Il s’agit donc aussi d’un livre de sagesse et d’une quête spirituelle, puisque « l’affût est une foi modeste » : « À l’affût, on connaît ce que l’on attend. Les bêtes sont des dieux déjà apparus. Rien ne conteste leur existence. Si quelque chose advient, ce sera la récompense. Si rien n’arrive, on lèvera le camp, décidé à reprendre l’affût le lendemain. Alors, si la bête se montre, ce sera la fête. Et l’on accueillera ce compagnon dont la présence était sûre, mais la visite incertaine. »

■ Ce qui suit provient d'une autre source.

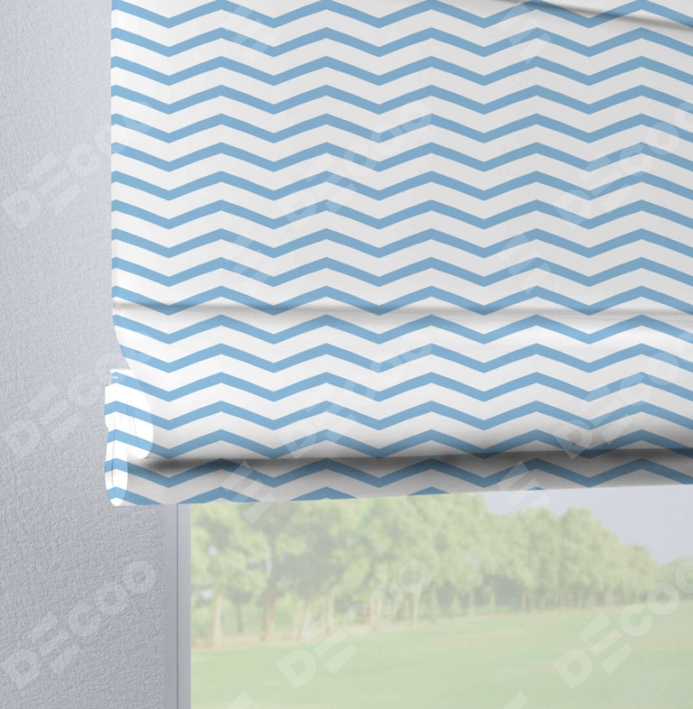 Римская штора производителя «Cortin», используется для проёма, пошита из ткани блэкаут с нанесением сублимационной печати «Зигзаг мелкий». Данная модель пошита на петлях, комплектуется на выбор круглым карнизом и подходит для монтажа на стену. Римская штора на петлях имеет простую систему регулировки высоты, отличительным преимуществом данной модели является простой способ монтажа. Достаточно повесить ее на трубу и штора готова!
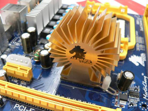 570X芯片组的发热量并不高,采用被动散热即可。这款捷波570X主板采用了立体设计北桥散热芯片,上面印有悍马(HUMMER)的英文LOGO,个性十足!
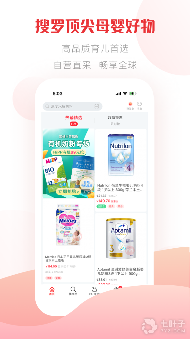 1、海量商品,我们的软件之中对于婴儿养护的产品等进行一个全面的网罗,让用户能够通过我们的软件找到合适自己的产品
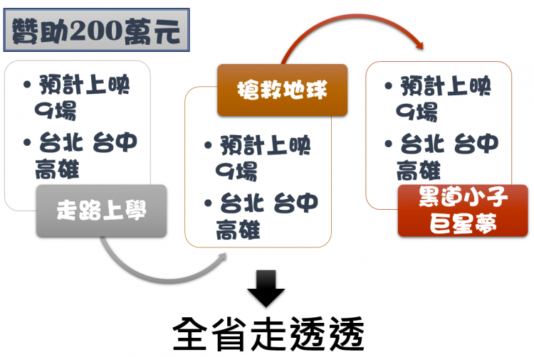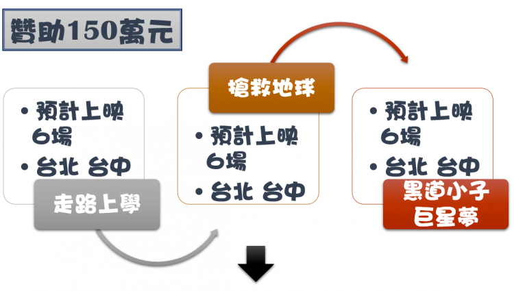 影展會依照資金分配比例執行計畫,超過100萬元的部分將作為中南部展演的經費,希望可以在愛中感動更多更多的家長和青少年學子,幫助他們找到人生的目標和方向。
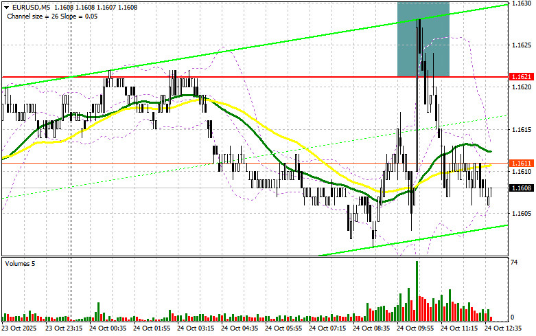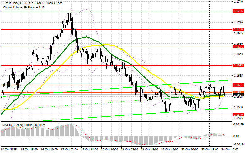 В своем утреннем прогнозе я обращал внимание на уровень 1.1621 и планировал от него принимать решения по входу в рынок. Давайте посмотрим на 5-минутный график и разберемся с тем, что там произошло. Рост и формирование ложного пробоя в районе 1.1621 привели к хорошей точке входа на продажу евро, что вылилось в движение пары вниз на 15 пунктов. На вторую половину дня техническая картина не пересматривалась.Для открытия длинных позиций по EURUSD требуется:Возврат индекса деловой активности в производственном секторе еврозоны в район 50 пунктов и рост активности в сфере услуг были восприняты покупателями евро с позитивом, он до крупного роста пары дело так и не дошло, что указывает на неопределённость, с которой продолжают сталкиваться трейдеры. Одной из них являются ожидаемый данные по США. Речь идет об индексе потребительских цен США и индексе потребительских цен без учета цен на продукты питания и энергоносители. Отчет долго откладывался из-за шатдауна в США, но все же будет опубликован сегодня во второй половине дня. Кроме этого, выйдут цифры по индексу деловой активности в производственном секторе США, индексу деловой активности в секторе услуг и композитному индексу PMI. Завершением дня станут показатели по индексу настроения потребителей от Университета Мичигана и инфляционные ожидания. При резком ослаблении инфляции ослабнут позиции и американского доллара. В ином случае давление на пару EUR/USD вернется, чем и собираюсь воспользоваться. Лишь формирование ложного пробоя в районе 1.1579 будет поводом для открытия новых длинных позиций в расчете на возврат к сопротивлению 1.1621. Прорыв и обратный тест этого диапазона станут подтверждением правильной точки вход с выходом к области 1.1649. Самой дальней целью будет уровень 1.1675, где буду фиксировать прибыль. При варианте снижения EUR/USD и отсутствия активности в районе 1.1579, давление на евро только возрастет. Медведи в таком случае сумеют дотянуться до 1.1545. Лишь после формирования там ложного пробоя собираюсь действовать на покупку евро. Открывать длинные позиции сразу на отскок планирую от 1.1520 с целью восходящей коррекции в 30-35 пунктов внутри дня.Для открытия коротких позиций по EURUSD требуется: Продавцы проявили себя, ограничив восходящий потенциал евро даже после хорошей статистики по активности индексов PMI еврозоны. В случае еще одной попытки роста евро в ходе американских торгов действовать буду после формирования ложного пробоя в районе 1.1621, где чуть ниже проходят средние скользящие, играющие на стороне медведей. Этого будет достаточно для открытия коротких позиций с целью снижения к уровню 1.1579. Прорыв и закрепление ниже этого диапазона станут подходящим вариантом на продажу уже с движением в район 1.1545. Самой дальней целью выступит область 1.1520, где буду фиксировать прибыль. В случае движения вверх EUR/USD во второй половине дня, а также отсутствия активных действий медведей в районе 1.1621, покупатели получат шанс на более крупную коррекцию, что откроет дорогу в район следующего сопротивления 1.1649. Продавать там буду только после неудачного закрепления. Открывать короткие позиции сразу на отскок я планирую от 1.1675 с целью нисходящей коррекции в 30-35 пунктов.Рекомендую ознакомиться:Из-за шатдауна в США свежие данные по Commitment of Traders не публикуются. Последние актуальные лишь за 23 сентября.В COT-отч
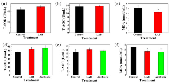 Effects of LAB on antioxidant capacity of serum in sows and weaned piglets. (a,d) T-SOD (U/mL), (b,e) T-AOC (U/mL), (c,f) MDA (nmol/mL), are antioxidant capacity of serum in sows and weaned piglets, respectively. For sows, control, basal diet (N = 18); LAB, basal diet + 6% mixed selected LAB strains (N = 18). For piglets, control, basal diet (N = 30); LAB, basal diet + 6% mixed selected LAB strains (N = 30); antibiotic, basal diet + 150 mg/kg of aureomycin (N = 30). T-SOD, total superoxide dismutase; T-AOC, total antioxidant capacity; MDA, malondialdehyde. Asterisks denotes significant differences compared with the control group (* p < 0.05).
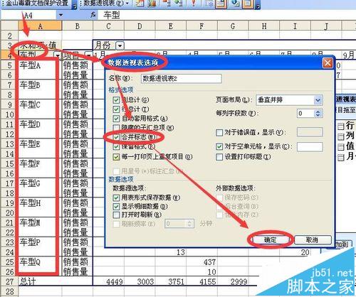 9、车型下的各个车型对应着下级字段销售量和销售额,需要将车型居中显示这样看起来会美观一些,右键点按车型字段,在弹出的菜单中点按数据透视表选项,在弹出的菜单中勾选合并标志,然后点按确定,下面第二个截图是设置完后的效果,可以看到对应的车型已经居中显示了。
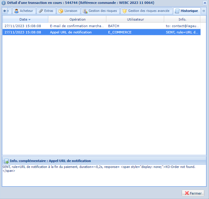 - le site ne récupère jamais l'info de la banque comme quoi le paiement est passé. Les commandes restent au statut "Créé" et je vous ai mis une capture de la réponse sur l'URL de notification ("response= " OU "response= <span style="display: none;">KO-Order not found" selon les cas) qui semble confirmer qu'il n'y a pas de réponse ou que l'info relative au n° de commande n'est pas transmise
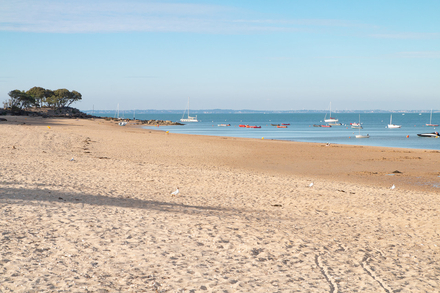 À la lisière entre Saint-Jean-de-Monts et Saint-Hilaire-de-Riez, la plage des Demoiselles s’étend sur plusieurs kilomètres de sable fin, bordée par une large esplanade animée. Très appréciée des familles, elle offre de vastes espaces pour la baignade et les jeux de plage, avec une pente douce et une zone surveillée en saison. En retrait, la promenade plantée de palmiers et les cabines de plage colorées rappellent le charme des stations balnéaires d’autrefois. C’est aussi un point de départ idéal pour les balades à vélo ou à pied à travers la forêt domaniale qui borde le littoral.
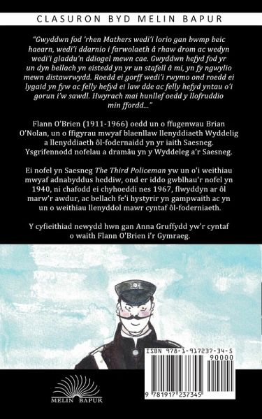 (Welsh translation of Flann O'Brien's post-modern masterpiece The Third Policeman)Flann O'BrienY Trydydd PlismonFlann O'Brien (1911-1966) oedd un o ffugenwau Brian O'Nolan, un o ffigyrau mwyaf blaenllaw llenyddiaeth Wyddelig a llenyddiaeth ôl-fodernaidd yn yr iaith Saesneg. Ysgrifennodd nofelau a dramâu yn y Wyddeleg a'r Saesneg. Ei nofel yn Saesneg The Third Policeman yw un o'i weithiau mwyaf adnabyddus heddiw, ond er iddo gwblhau'r nofel yn 1940, ni chafodd ei chyhoeddi nes 1967, flwyddyn ar ôl marw'r awdur, ac bellach fe'i hystyrir yn gampwaith ac yn un o weithiau llenyddol mawr cyntaf ôl-foderniaeth.
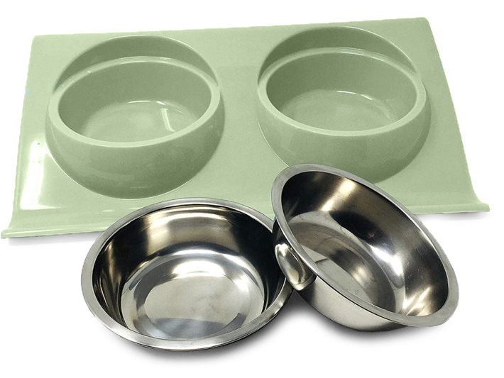 Hledáte pro svého domácího mazlíčka misku na krmivo i vodu, která bude vypadat nejen skvěle, ale také především plnit svou funkci a zabírat méně prostoru? Zkuste tuto dvojitou misku. Tato dvojitá miska se skládá z praktického podstavce, do kterého jsou umístěny 2 nerezové misky, které lze kdykoli samostatně vyjmout. Díky praktickému podstavci jsou misky stabilní a v jejich okolí je vždy čisto a pořádek bez pozůstatku krmiva či vody. Vyzkoušejte tohoto praktického pomocníka, kterého ocení nejen váš domácí mazlíček.

Pour l’auteur la fameuse panthère, dont il ne sait pas encore s’il la verra vraiment, évoque deux femmes qui lui manquent : sa mère morte en 2014 et la femme de sa vie, « une prêtresse des forêts du soir », qu’il a perdue par refus de se livrer « pieds et poings liés à l’amour de la nature ». Il observe les yacks, les loups, les ânes. « La nuit, nos rêves gelaient », note le voyageur qui se livre dans cette géographie de l’extrême à une réflexion peu amène sur l’humanité : « Elle a mis en coupe réglée la Terre pour parvenir, dix mille ans plus tard, à l’accomplissement de la civilisation : l’embouteillage et l’obésité. »

 

La sagesse du toit du monde : une défense de la vie

On reconnaît là le goût de l’écrivain pour les aphorismes. La méditation se fait parfois plus ample. « Cela avait constitué la belle intuition de la Grèce antique : l’énergie du monde circulait en un cycle fermé, du ciel aux pierres, de l’herbe à la chair, de la chair à la terre, sous la houlette d’un soleil qui offrait ses photons aux échanges azotiques. Le Bardo Thödol, Livre des Morts tibétain, disait la même chose qu’Héraclite et les philosophes de la fluctuation. Tout passe, tout coule, tout s’écoule, les ânes galopent, les loups les pourchassent, les vautours planent : ordre, équilibre, plein soleil. Un silence écrasant. Une lumière sans filtre, peu d’hommes. Un rêve. Et nous nous tenions là, dans ce jardin vital, aveuglant et morbide. Munier avait prévenu : c’était le paradis par – 30° C. La vie se rassemblait : naître, courir, mourir, pourrir, revenir dans le jeu sous une autre forme. » Les yeux de la panthère disent : « Nous ne pouvons nous aimer, vous n’êtes rien pour moi, votre race est récente, la mienne immémoriale, la vôtre se répand, déséquilibrant le poème. » Ou pour le dire autrement, l’homme n’est qu’un « nettoyeur ».

 

En chapitres brefs, denses, avec une forme d’autodérision qui le dispute au désenchantement, Sylvain Tesson livre un manifeste écologiste et antimoderne où il convoque Berlioz, Baudrillard, Pline, Labiche, Nietzsche, Hölderlin, Giono, Melville, Nerval, Marguerite et son amant quand il évoque les sources du Mékong et… un de ses professeurs de géographie de l’université de Nanterre. Le livre conduit son lecteur de réflexions en traits d’humour, de descriptions en méditations qui donnent à réfléchir et à rêver, et à se mettre à son tour à l’affût. « Au "tout, tout de suite" de l’épilepsie moderne, s’opposait le "sans doute rien, jamais" de l’affût. Ce luxe de passer une journée entière à attendre l’improbable ! » Le livre a obtenu le prix Renaudot 2019.